> _Exercise prompt_
Locate, in the data below, the line that contains "APHS Alumni , United" and the line that contains "然後把煙三文魚蛋沙律鋪在包包上, 完成."; reproduce exactly those two lines and every line between them, nothing more.

> _Data extract_
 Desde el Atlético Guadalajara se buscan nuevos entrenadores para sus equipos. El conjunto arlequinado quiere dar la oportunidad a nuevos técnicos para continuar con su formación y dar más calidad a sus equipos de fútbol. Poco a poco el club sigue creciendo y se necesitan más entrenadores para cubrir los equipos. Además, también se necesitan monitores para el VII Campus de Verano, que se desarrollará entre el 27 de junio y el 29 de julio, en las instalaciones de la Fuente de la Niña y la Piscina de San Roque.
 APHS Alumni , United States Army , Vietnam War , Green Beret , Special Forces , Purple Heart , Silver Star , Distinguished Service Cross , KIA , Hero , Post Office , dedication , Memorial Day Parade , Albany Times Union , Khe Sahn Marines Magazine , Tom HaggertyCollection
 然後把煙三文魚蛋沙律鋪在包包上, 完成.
* * *
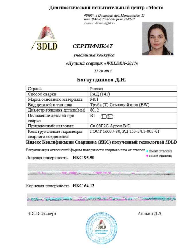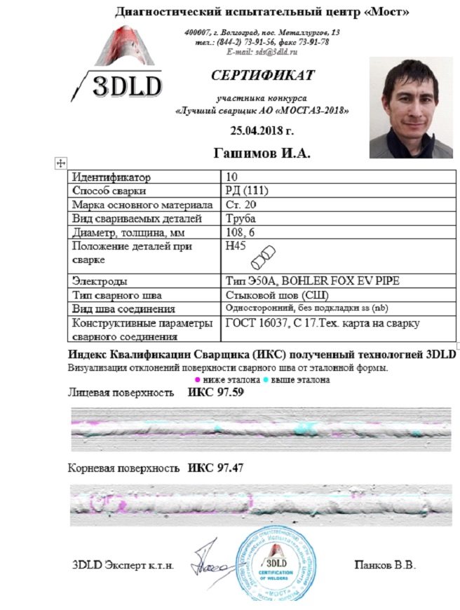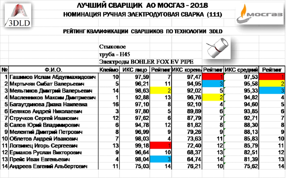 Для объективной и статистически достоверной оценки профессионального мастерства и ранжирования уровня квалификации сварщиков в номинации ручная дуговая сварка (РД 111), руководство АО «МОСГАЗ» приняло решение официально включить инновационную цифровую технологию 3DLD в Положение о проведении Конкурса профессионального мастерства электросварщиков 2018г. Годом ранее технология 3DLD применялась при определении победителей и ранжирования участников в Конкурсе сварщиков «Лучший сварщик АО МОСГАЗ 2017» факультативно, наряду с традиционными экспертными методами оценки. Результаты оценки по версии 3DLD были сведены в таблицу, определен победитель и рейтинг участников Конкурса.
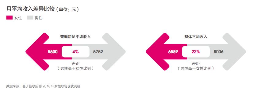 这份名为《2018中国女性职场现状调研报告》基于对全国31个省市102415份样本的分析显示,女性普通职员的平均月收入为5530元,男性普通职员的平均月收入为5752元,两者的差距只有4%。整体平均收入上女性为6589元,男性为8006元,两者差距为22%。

> _Your solution_
 APHS Alumni , United States Army , Vietnam War , Green Beret , Special Forces , Purple Heart , Silver Star , Distinguished Service Cross , KIA , Hero , Post Office , dedication , Memorial Day Parade , Albany Times Union , Khe Sahn Marines Magazine , Tom HaggertyCollection
 然後把煙三文魚蛋沙律鋪在包包上, 完成.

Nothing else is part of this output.